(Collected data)
== Segment start ==

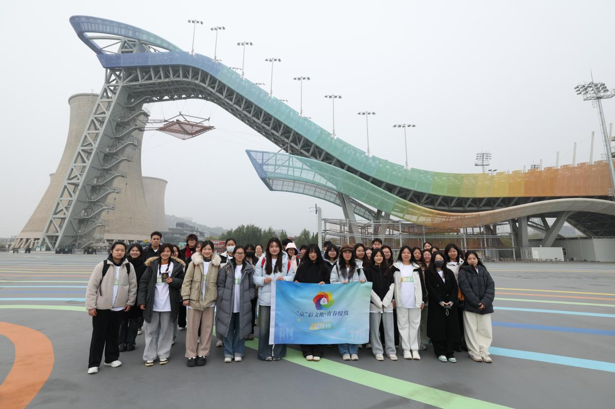 参观完三高炉后,同学们又穿过园区,来到了以敦煌壁画“飞天”为设计灵感,形似飘带、曲线流畅,充满“后工业”风格的首钢滑雪大跳台。
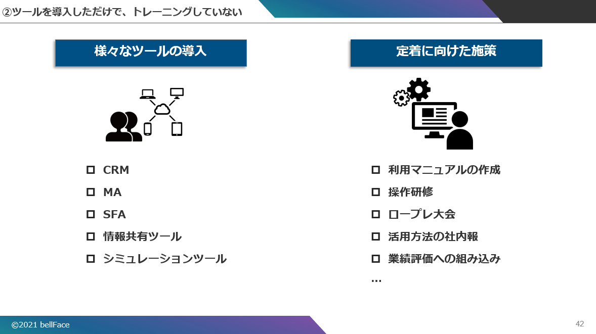 現場の個々人に利用を任せるのではなく、よりツールを使いやすくなるよう、マニュアル作成、研修、ロープレ大会などトレーニングを実施しなければ、非対面営業は浸透しない。
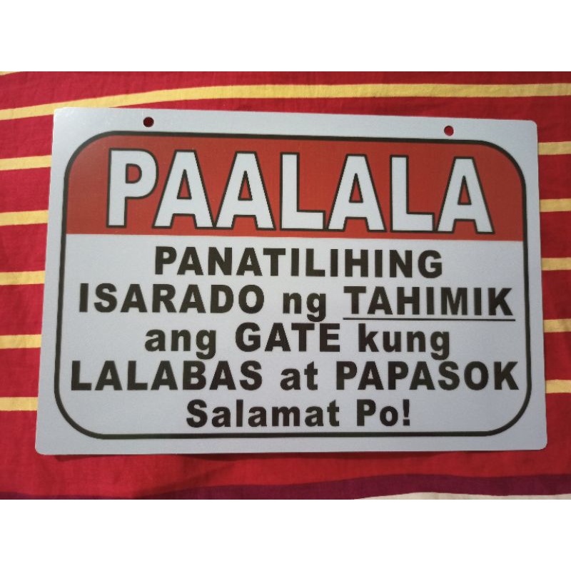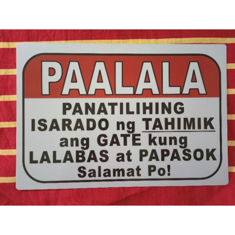 Paalala Isarado ng tahimik ang Gate SIGNAGE Material: PVC Plastic (like ATM and ID) 7.8x11 inches
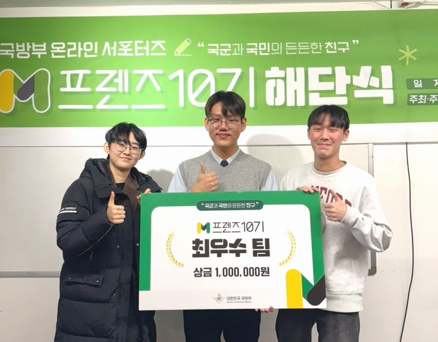 박병하 학생(국방디지털융합학과 2학년)은 지난 12월 ‘국방부 온라인 서포터즈’로서 활발히 활동한 점을 인정받아 국방부장관상을 받았다. 박병하 학생은 타 대학 학생 5명과 팀을 꾸려 2025년 4월부터 12월까지 서포터즈로 활동하면서, 국방 정책 및 현장과 관련한 다양한 콘텐츠를 제작했다. 활동한 서포터즈 가운데 최우수 활동팀으로 선정되어, 국방부장관상을 수상하게 됐다.
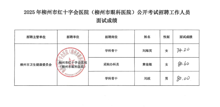2025年度柳州市紅十字會醫(yī)院(柳州市眼科醫(yī)院)公開招聘中高級(急需緊缺)人才(第二批)面試成績公示

== Segment end ==

Task to complete: Out of the records above, set down only the lines from the one that contains "現場の個々人に利用を任せるの" through the one that contains "Paalala Isarado ng", unchanged and without the pictures.

Worked solution:
 現場の個々人に利用を任せるのではなく、よりツールを使いやすくなるよう、マニュアル作成、研修、ロープレ大会などトレーニングを実施しなければ、非対面営業は浸透しない。
 Paalala Isarado ng tahimik ang Gate SIGNAGE Material: PVC Plastic (like ATM and ID) 7.8x11 inches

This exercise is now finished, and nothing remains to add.